* **GIVEN INFORMATION**

==================================================

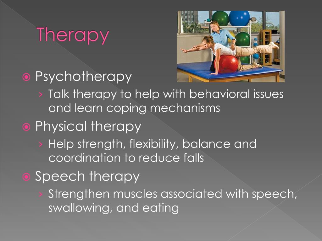 Therapy • Psychotherapy • Talk therapy to help with behavioral issues and learn coping mechanisms • Physical therapy • Help strength, flexibility, balance and coordination to reduce falls • Speech therapy • Strengthen muscles associated with speech, swallowing, and eating
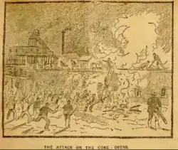 In 1890, the United Mine Workers of America (UMWA) submitted demands to the coke operators that included an eight-hour workday, wage increases, restrictions on house rent, and the right to union-only employment. However, a downturn in the coke industry in 1890 led to the temporary closure of about 20% of Frick's operations. By early 1891, when production resumed, miners found that they were to be paid based on a sliding wage scale tied to coke prices, a change that many felt was unjust. Tensions mounted as operators hired replacement workers and evicted striking miners and their families from company housing. The Morewood strike began on February 10, 1891, when miners in the region, supported by the UMWA, stopped work in protest of pay and working conditions. Tensions rose as workers and their families were evicted from company-owned housing, and Frick, known for his tough stance against unions, resisted their demands. By March, unrest had intensified, and on March 30, a group of about a thousand strikers, some accompanied by a brass band, marched on the Morewood company town.[4]
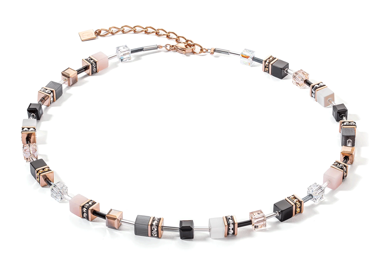 Naszyjnik wykonany jest z kamieni naturalnych takich jak: tygrysie oko, kryształów oraz szkła. Stal szlachetna jest w kolorze różowego złota. Jego długość to 42 cm + 6 cm przedłużka.

==================================================

* **EXERCISE DIRECTIONS**
From the data above, write out everything exactly except the pictures.

* **SOLUTION FOR THIS TASK**
 Therapy • Psychotherapy • Talk therapy to help with behavioral issues and learn coping mechanisms • Physical therapy • Help strength, flexibility, balance and coordination to reduce falls • Speech therapy • Strengthen muscles associated with speech, swallowing, and eating
 In 1890, the United Mine Workers of America (UMWA) submitted demands to the coke operators that included an eight-hour workday, wage increases, restrictions on house rent, and the right to union-only employment. However, a downturn in the coke industry in 1890 led to the temporary closure of about 20% of Frick's operations. By early 1891, when production resumed, miners found that they were to be paid based on a sliding wage scale tied to coke prices, a change that many felt was unjust. Tensions mounted as operators hired replacement workers and evicted striking miners and their families from company housing. The Morewood strike began on February 10, 1891, when miners in the region, supported by the UMWA, stopped work in protest of pay and working conditions. Tensions rose as workers and their families were evicted from company-owned housing, and Frick, known for his tough stance against unions, resisted their demands. By March, unrest had intensified, and on March 30, a group of about a thousand strikers, some accompanied by a brass band, marched on the Morewood company town.[4]
 Naszyjnik wykonany jest z kamieni naturalnych takich jak: tygrysie oko, kryształów oraz szkła. Stal szlachetna jest w kolorze różowego złota. Jego długość to 42 cm + 6 cm przedłużka.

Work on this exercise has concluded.